We’ll continue our journey to find other distributions arising from variations of binomial distribution. Starting with Geometric Distribution

Geometric Distribution

Imagine that there is 10% chance that you can hit the bulls eye in a game of darts [ or make a profit on a share buy, sadly the same thing these days ]. Whats the probability that you’ll go without hitting the bulls eye for 6 consecutive throws , before eventually hitting the prize shot . Thats geometric distribution for you. Probability of $(K-1)$ consecutive failures before you see success in the $K^{th}$ trial .

\[P(x=K) = q^{k-1}p\]

As we have been doing for other distributions , we’d like to calculate the mean and variance for geometric distribution also. As we have done earlier , before we jump into doing that, we’ll derive some tricky maths results and use them later.

We will start with the expression for sum of an infitite geometric series .

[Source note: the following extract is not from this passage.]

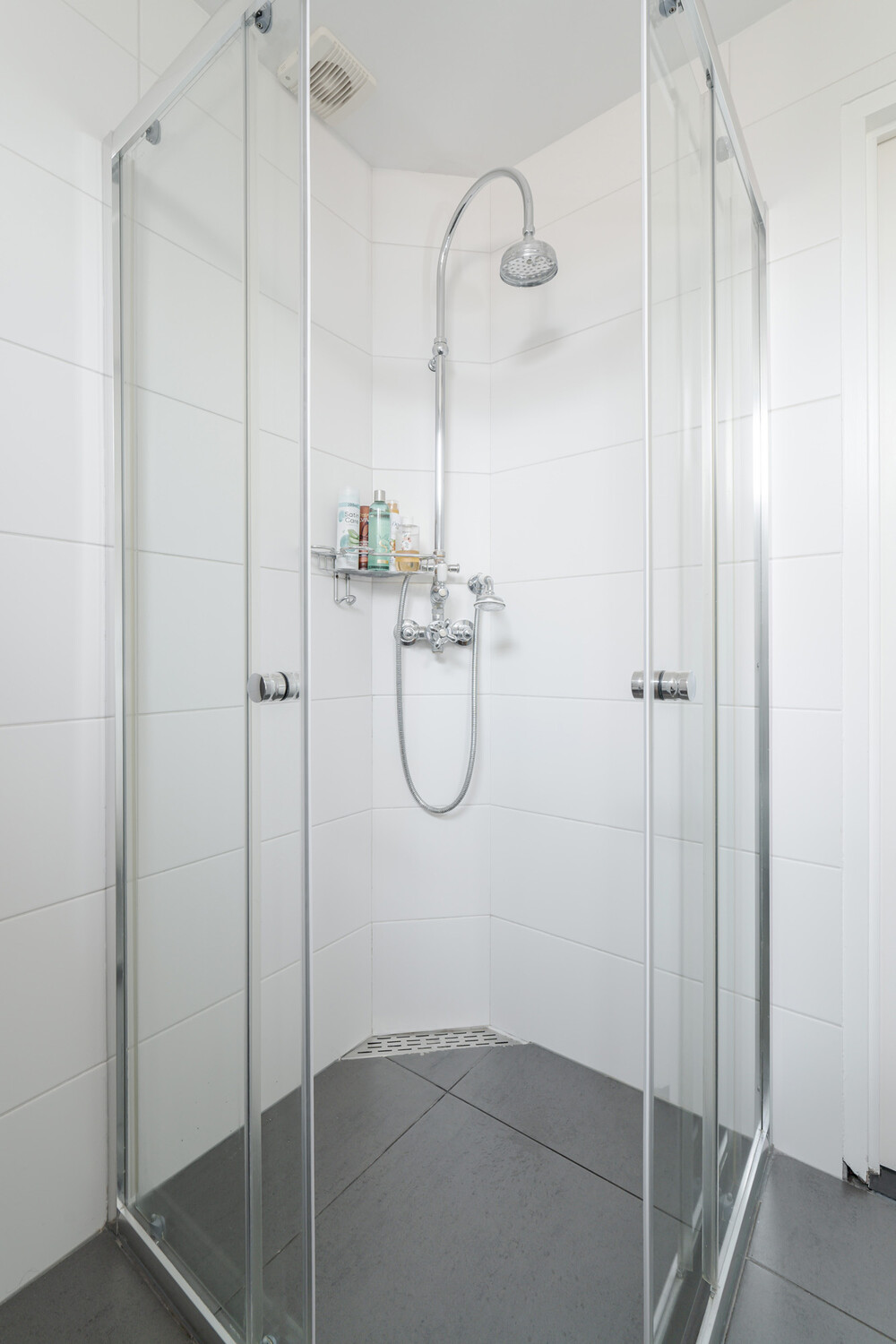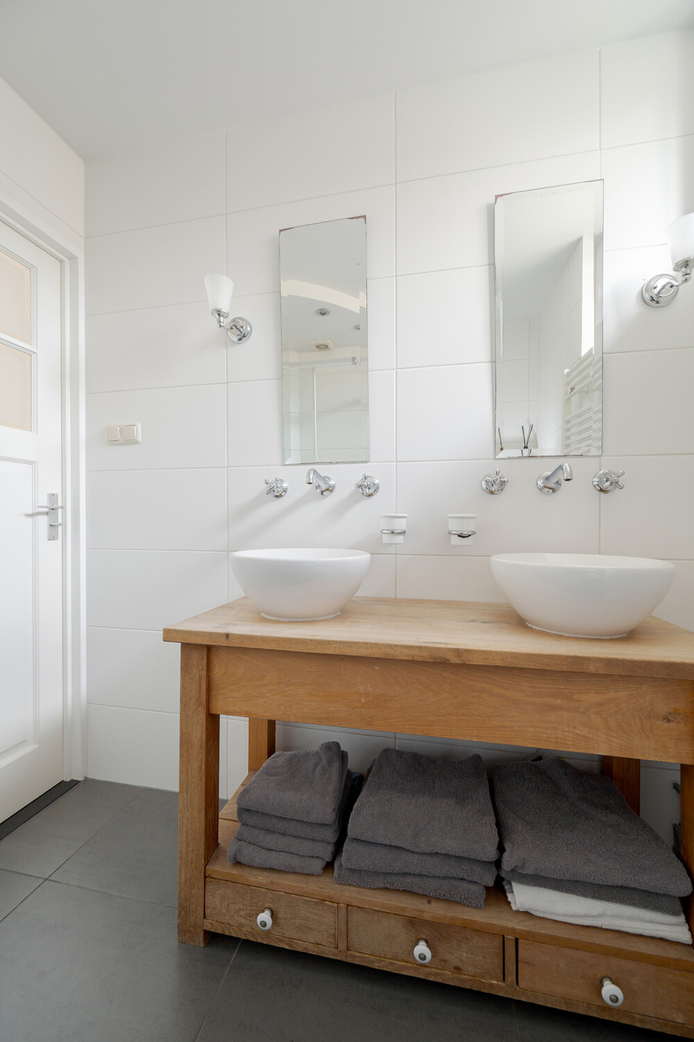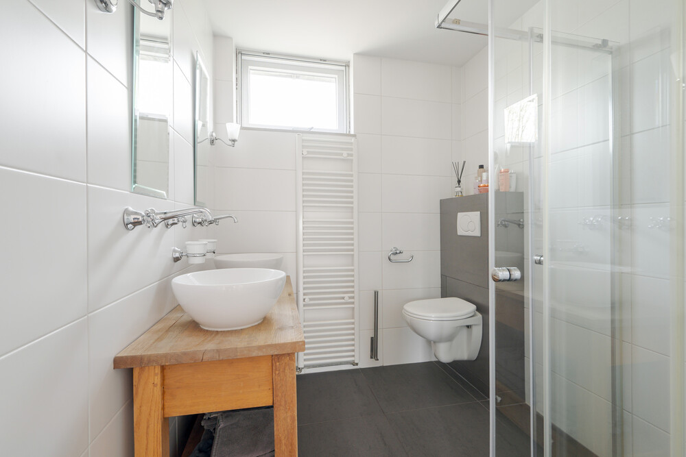 Betegelde badkamer aan de voorzijde (ca. 1.90 x 2.20 m.) voorzien van inloopdouche met hardglazen deur, badkamermeubel met 2 waskommen, een 2e wandcloset met inbouwreservoir en een handdoekradiator.
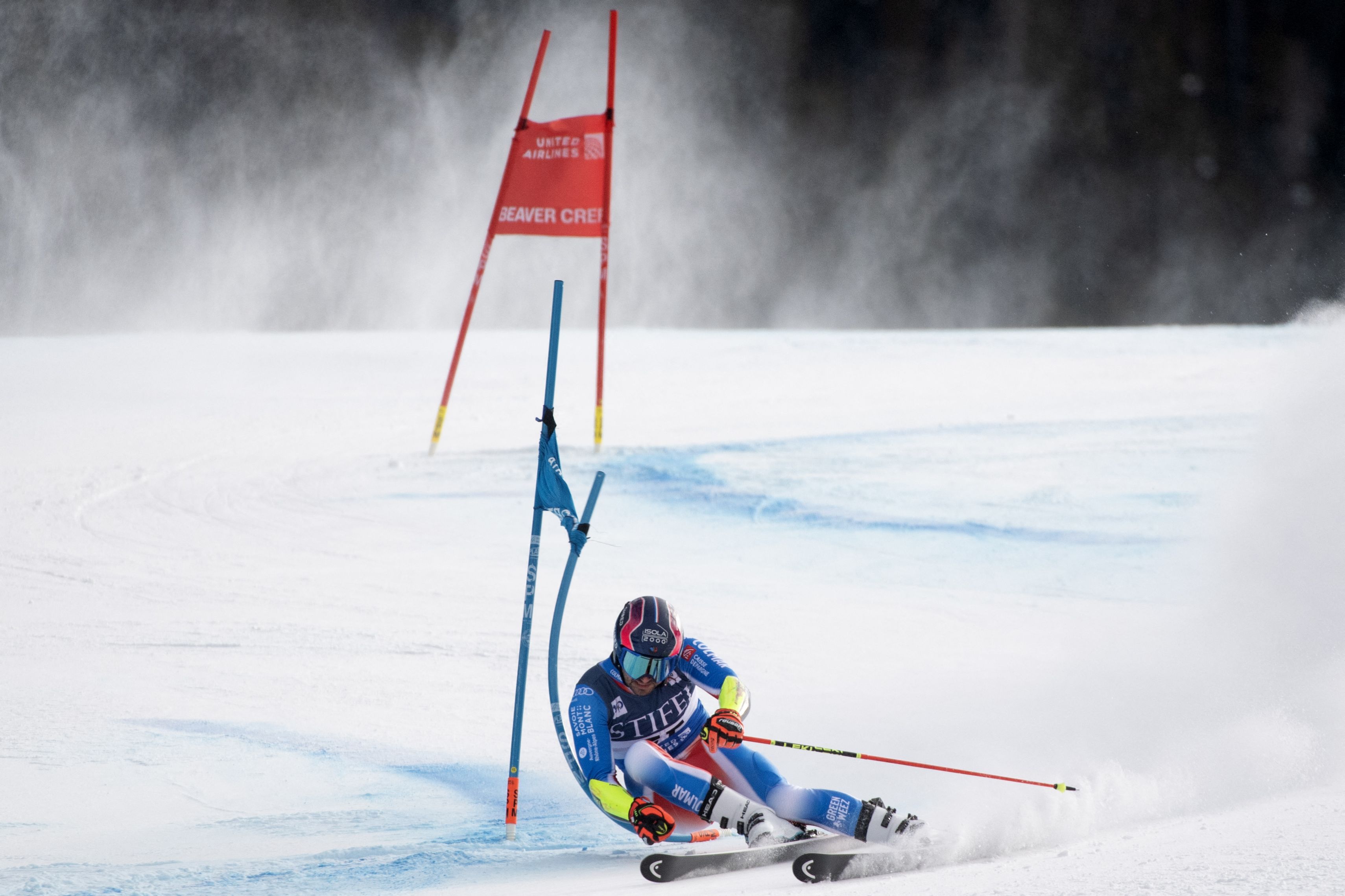 Mathieu Faivre of France races in run one of the Audi FIS Alpine Ski World Cup Men's Giant Slalom race in Beaver Creek, Colorado, on December 8, 2024. (Photo by Jason Connolly/AFP Photo)

\[\begin{align} \sum\limits_{k=0}^\infty b^k =\frac{1}{1-b} \end{align}\]

Lets differentiate on both sides $w.r.t. b$ once :

\[\begin{align} & \ \sum\limits_{k=1}^\infty kb^{k-1} =\frac{1}{(1-b)^2} \end{align}\]

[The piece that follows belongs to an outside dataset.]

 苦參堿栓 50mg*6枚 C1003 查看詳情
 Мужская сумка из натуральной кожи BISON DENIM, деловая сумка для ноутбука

We’ll do this once more after multiplying both sides by $b$ once :

\[\begin{align} & \ \sum\limits_{k=1}^\infty kb^{k} =\frac{b}{(1-b)^2} \\ & \ \sum\limits_{k=1}^\infty k^2b^{k-1} =\frac{1}{(1-b)^2}+\frac{2b}{(1-b)^3} \\ & \ \sum\limits_{k=1}^\infty k^2b^{k-1} =\frac{1+b}{(1-b)^3} \end{align}\]

in short, two results that we derived are :

  • $\sum\limits_{k=1}^\infty k b^{k-1} =\frac{1}{(1-b)^2}$
  • $\sum\limits_{k=1}^\infty k^2 b^{k-1}=\frac{(1+b)}{(1-b)^3}$

mean

\[\begin{align} \mu &= E[X] \\&= \sum\limits_{k=1}^\infty k q^{k-1}p \\&=\frac{p}{(1-q)^2}=\frac{p}{p^2}=\frac{1}{p} \end{align}\]

This simply implies that if you have 15% chance to hit the bulls eye, on an average ; it will take you $\frac{1}{.15} \sim 7$ attempts to get that shot .

Variance

\[\begin{align} E[X^2]&=\sum\limits_{k=1}^\infty k^2 q^{k-1}p \\&= \frac{p(1+q)}{(1-q)^3}=\frac{1+q}{p^2} \end{align}\] \[\begin{align} Var(X) &= E[X^2]-(E[X])^2 \\&=\frac{1+q}{p^2}-\frac{1}{p^2}=\frac{q}{p^2} \end{align}\]

and the variance in this number , number of attempts that it takes people to get first success is going to be $\frac{0.85}{0.15^2} \sim 37$ , which is a huge number especially in comparison to the average number of trials it’s going to take. Insight that you should derive from here is that , for a low success task, don’t be deceived by a small average , be vary of the variance .

what does it look like

The only parameter this distribution has, is $p$ .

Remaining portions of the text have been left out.